Mustapha Jarju

Personal information
- Full name: Mustapha Alasan Jarju
- Date of birth: 18 July 1986 (age 39)
- Place of birth: Banjul, Gambia
- Height: 1.83 m (6 ft 0 in)
- Position: Forward

Youth career
- Reggae Boys
- Steve Biko Bakau
- Racing Star
- Wallidan

Senior career*
- Years: Team / Apps / (Gls)
- 2006–2008: Lierse / 62 / (23)
- 2008–2011: R.A.E.C. Mons / 99 / (34)
- 2011: Vancouver Whitecaps FC / 10 / (0)
- 2012–2014: R.A.E.C. Mons / 68 / (16)
- 2014–2015: Hatta Club / 20 / (15)
- 2015: Irtysh / 0 / (0)
- 2016–2017: Sporting Hasselt / 42 / (7)

International career
- 2002: Gambia U17
- 2003–2005: Gambia U20
- 2006–2013: Gambia / 26 / (5)

= Mustapha Jarju =

Gambian footballer

Mustapha Alasan Jarju (born 18 July 1986), also known as Toubabo, is a Gambian former professional footballer who played as a forward.

==Club career==
Mustapha Jarju began his career playing with Reggae Boys, Racing Star, Steve Biko FC and Wallidan in his native Gambia. Jarju would launch his international club career with Belgian club Lierse. In his two years at the club Jarju was a prominent member of the side scoring 24 goals in 62 matches.

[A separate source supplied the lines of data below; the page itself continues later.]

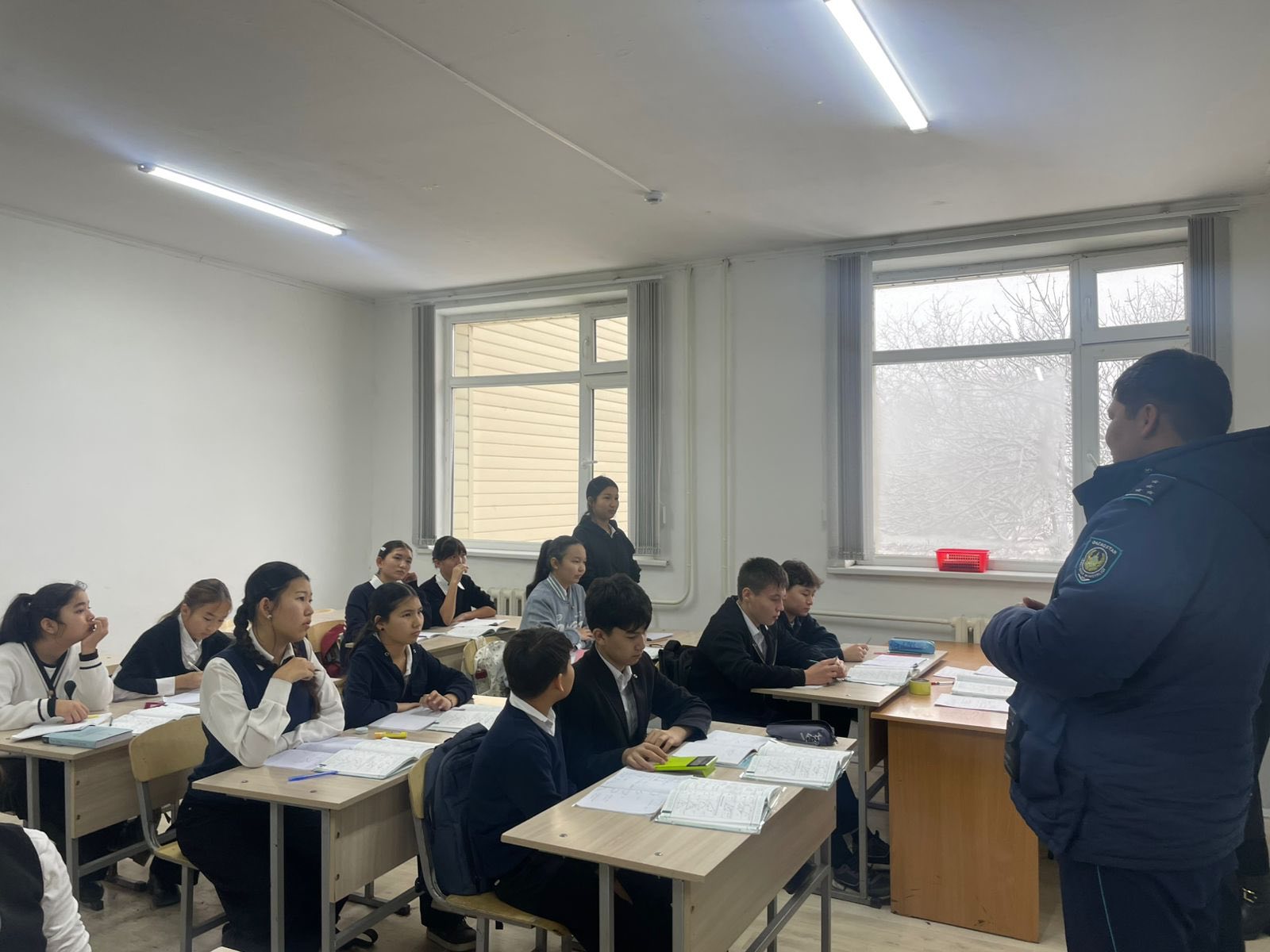 Кездесу барысында жасөспірімдердің құқықтары мен міндеттері, заң алдындағы жауапкершілігі, тәртіп сақтау және салауатты өмір салтын ұстанудың маңыздылығы кеңінен айтылды. Сонымен қатар, оқушылар тарапынан қойылған сұрақтарға нақты жауаптар беріліп, қауіпсіздік ережелерін сақтау қажеттілігі ерекше атап өтілді.
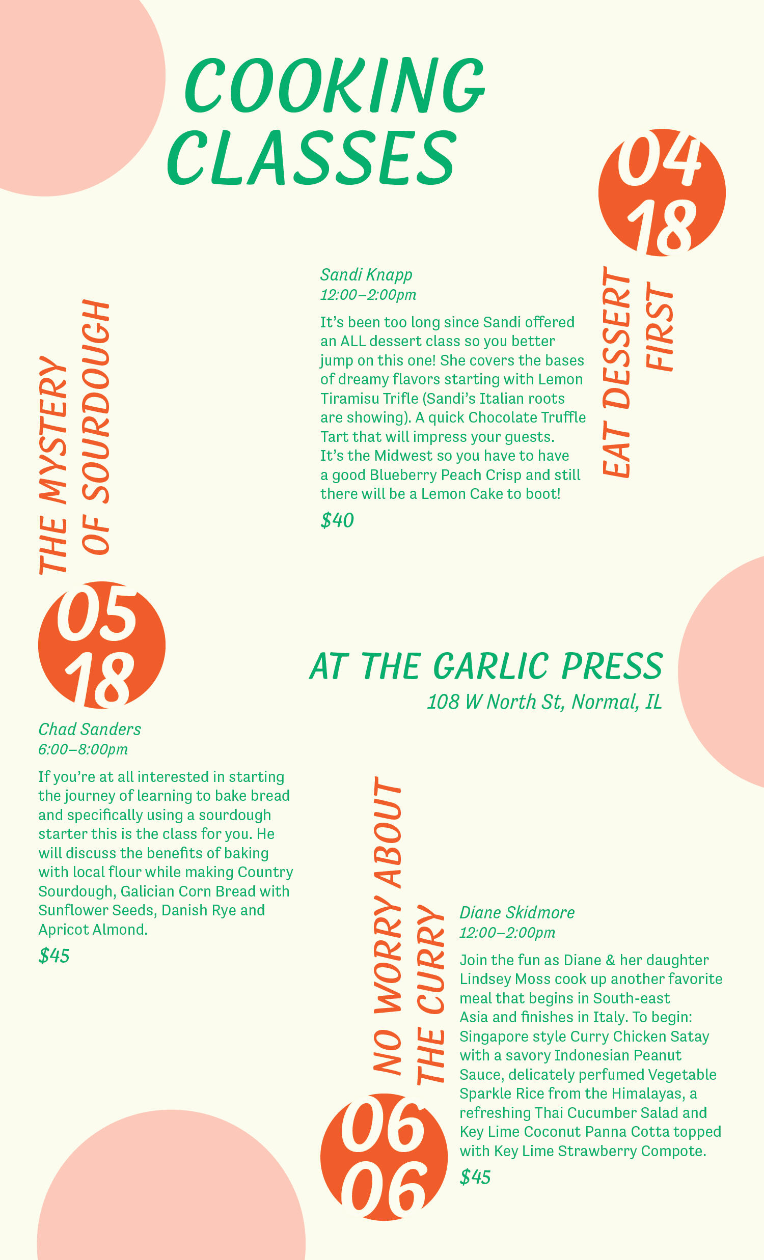 These two posters were designed for cooking classes held at a local business, The Garlic Press. These classes are for various types of dishes from multiple cultures. The company is known for having unique and fun gifts. I had fun exploring the fun spirit of this store with my usage of typography and colors.In the first poster, I selected Lemongrass for the heading, subheadings, dates, and price because of its softness and handwritten appearance. This font is intended for display use only, so I utilized Tenso for the body copy. Tenso is another sans serif font that carries the character of Lemongrass along with it. Green, orange, pink, and cream are the colors I chose to use due to their lively nature and relation to food.
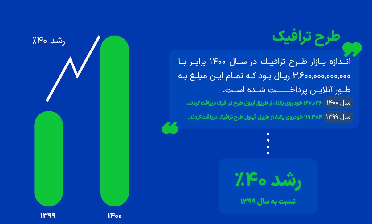 آیتول در گزارش خود اندازه بازار طرح ترافیک را 360 میلیارد تومان اعلام کرده که تمامی آن به صورت آنلاین پرداخت شده است. در این بخش به رقم ریالی طرح ترافیک خریداری از آیتول اشارهای نشده، اما گفته شده بیش از 167 هزار خودرو توسط آیتول طرح ترافیک خریدهاند.
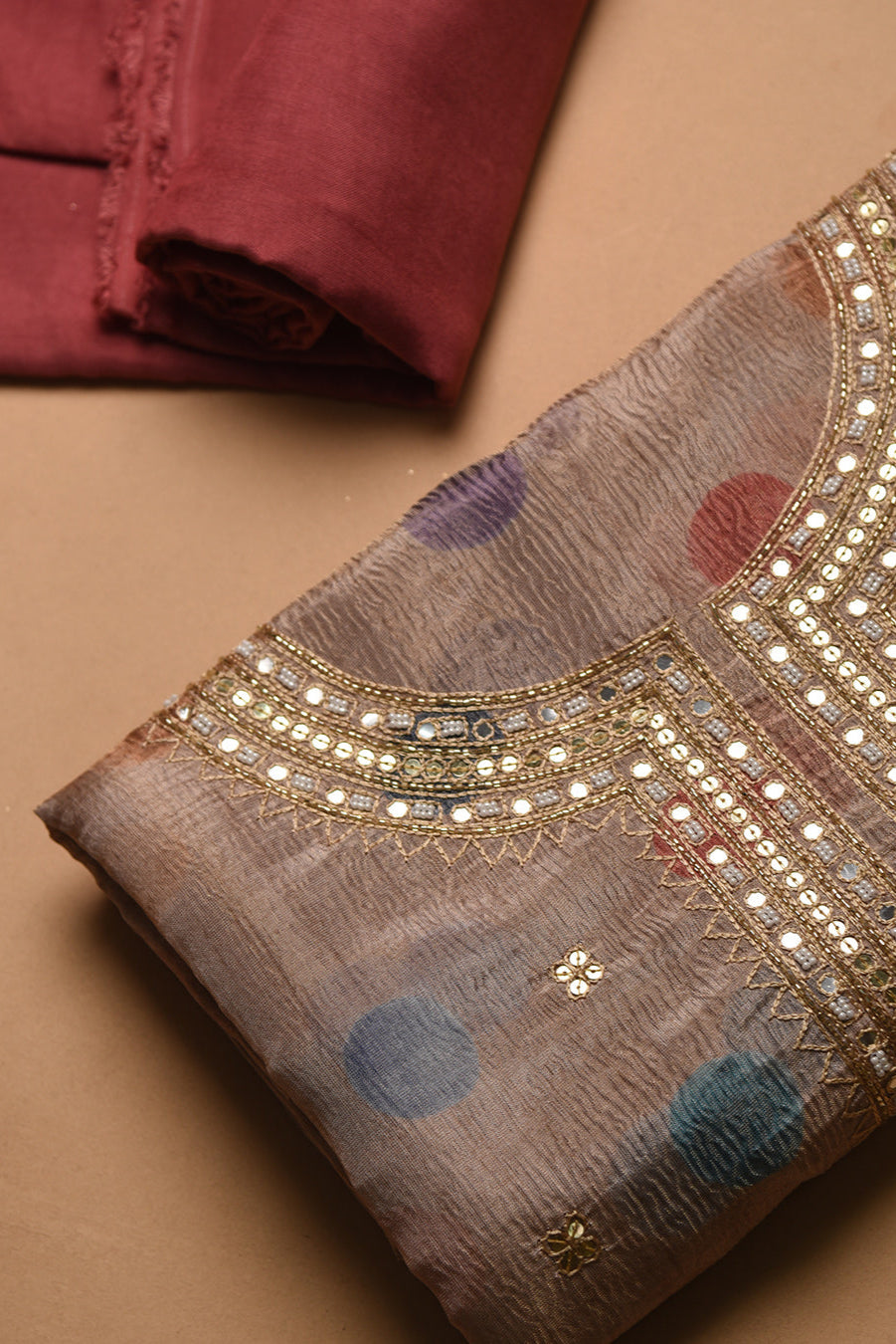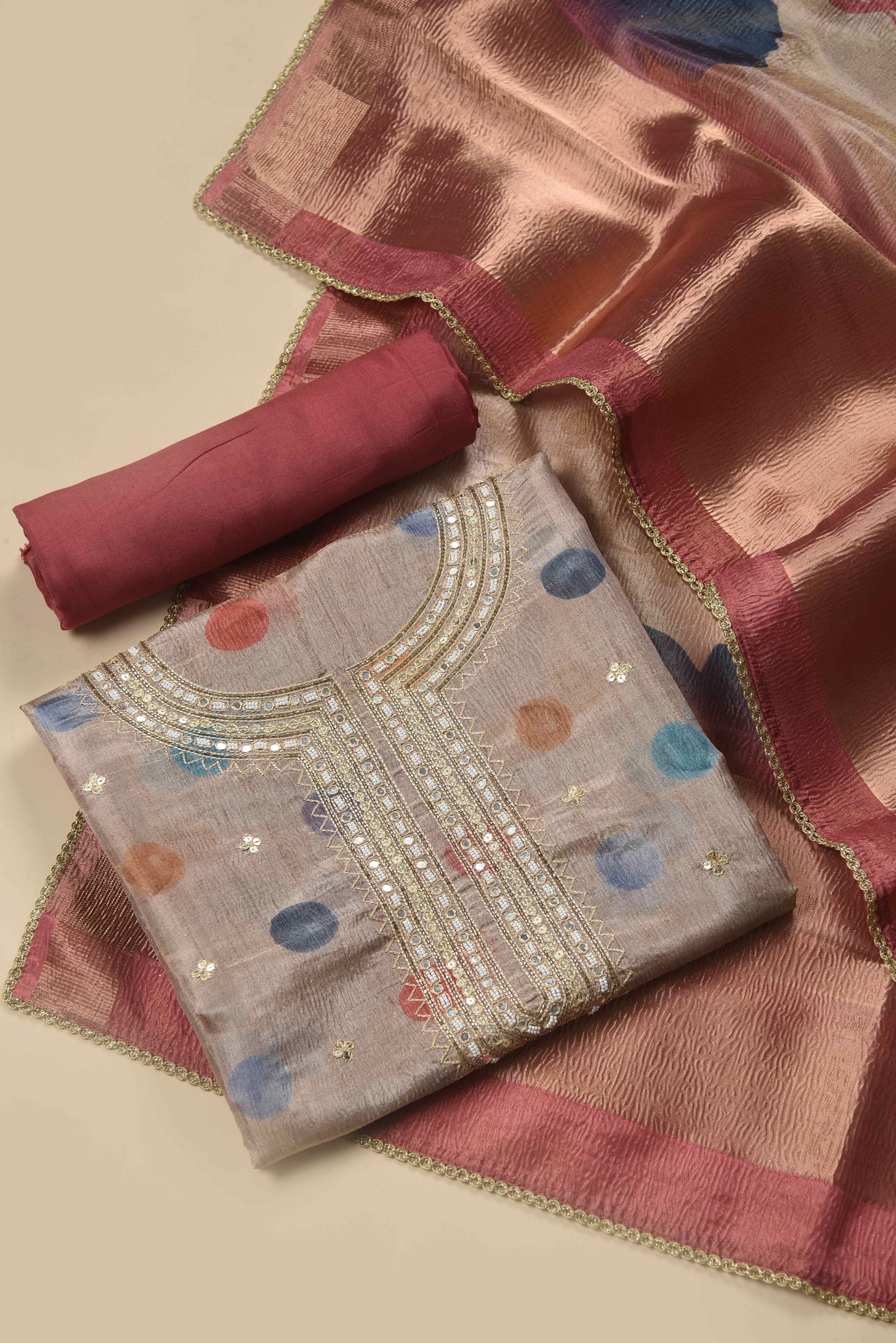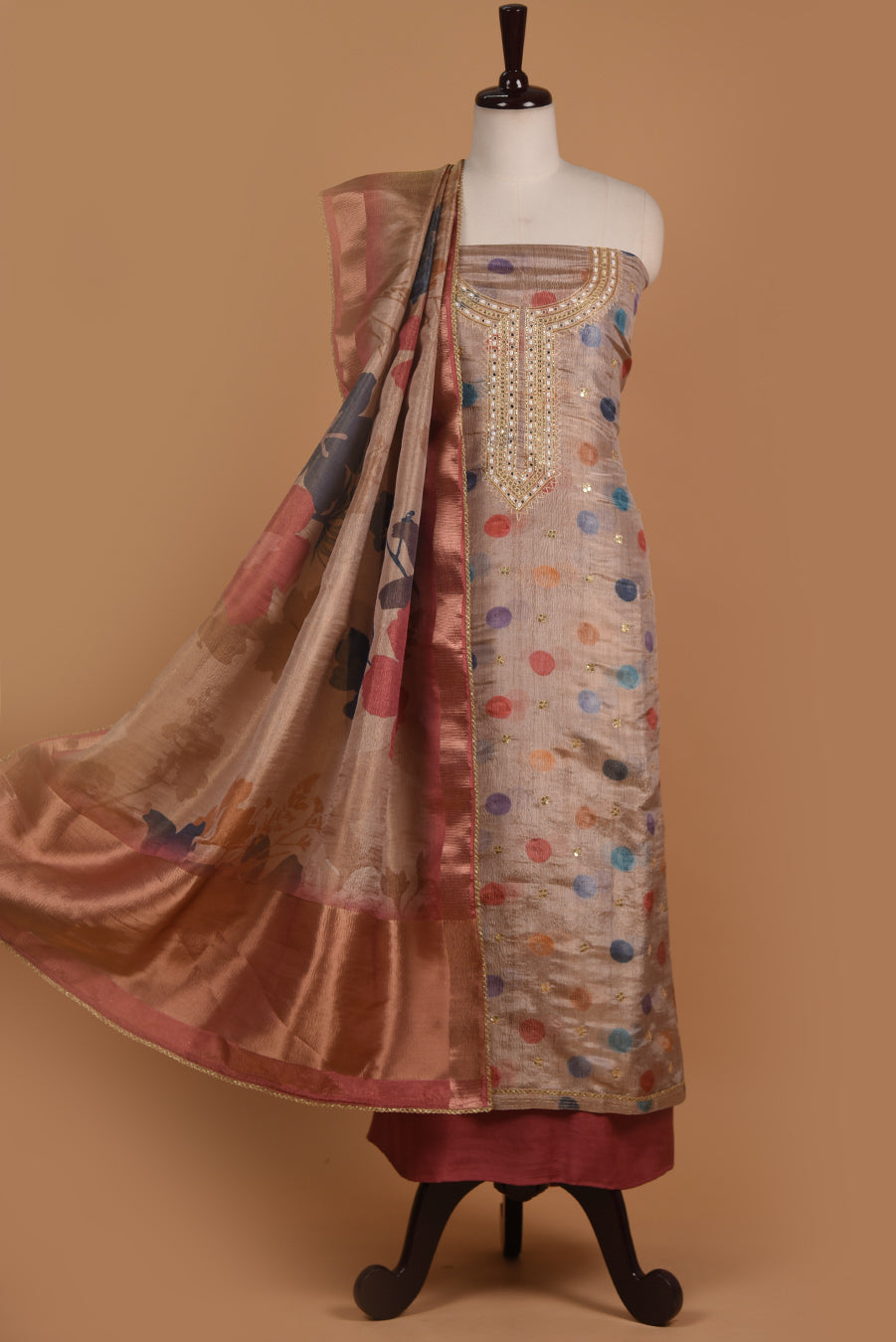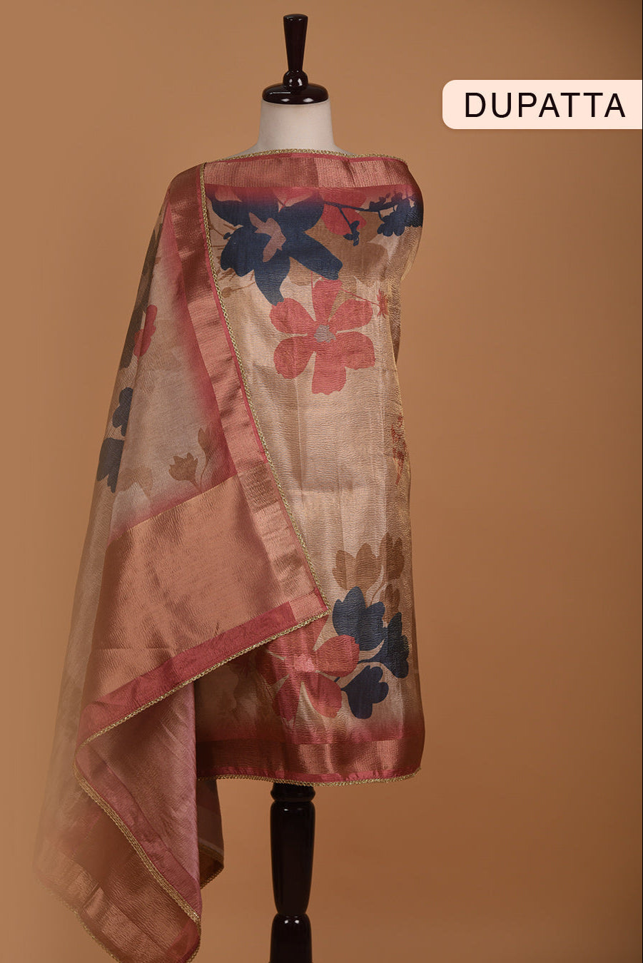 Beige With Carrot Pink Silk Tissue Blend Printed With Hand Embroidery Unstitched Suit Fabric Set With Silk Tissue Blend Printed Dupatta

As a result of his stellar play with Lierse, Jarju signed with R.A.E.C. Mons in 2008. While with Mons he appeared in 99 league matches and scored 34 goals. His best season with Mons was during the 2010/11 campaign in which he scored 18 goals in 31 league matches, helping the club gain promotion to the Belgian top flight. In total with the club Jarju appeared in 106 official matches and scored 37 goals.

He would become the first African to sign as a Designated Player in Major League Soccer after signing with the Vancouver Whitecaps FC on 12 July 2011. However, it was not a good fit for Jarju, with Vancouver mutually agreeing to terminate his contract on 20 January 2012.

Jarju re-signed with R.A.E.C. Mons on 25 January 2012.

In July 2015, Jarju signed for Kazakhstan Premier League side Irtysh Pavlodar. Jarju terminated his contract with Irtysh in September of the same year, without playing for the club, before filing a lawsuit against the club over unpaid wages and compensation.

==International career==
The midfielder was previously the captain of the U-17 and U-20 national teams, as well as serving as alternate captain for Gambia and scoring a goal for the national squad versus Liberia in the 2010 World Cup qualification first round.

==Career statistics==
Scores and results list Gambia's goal tally first.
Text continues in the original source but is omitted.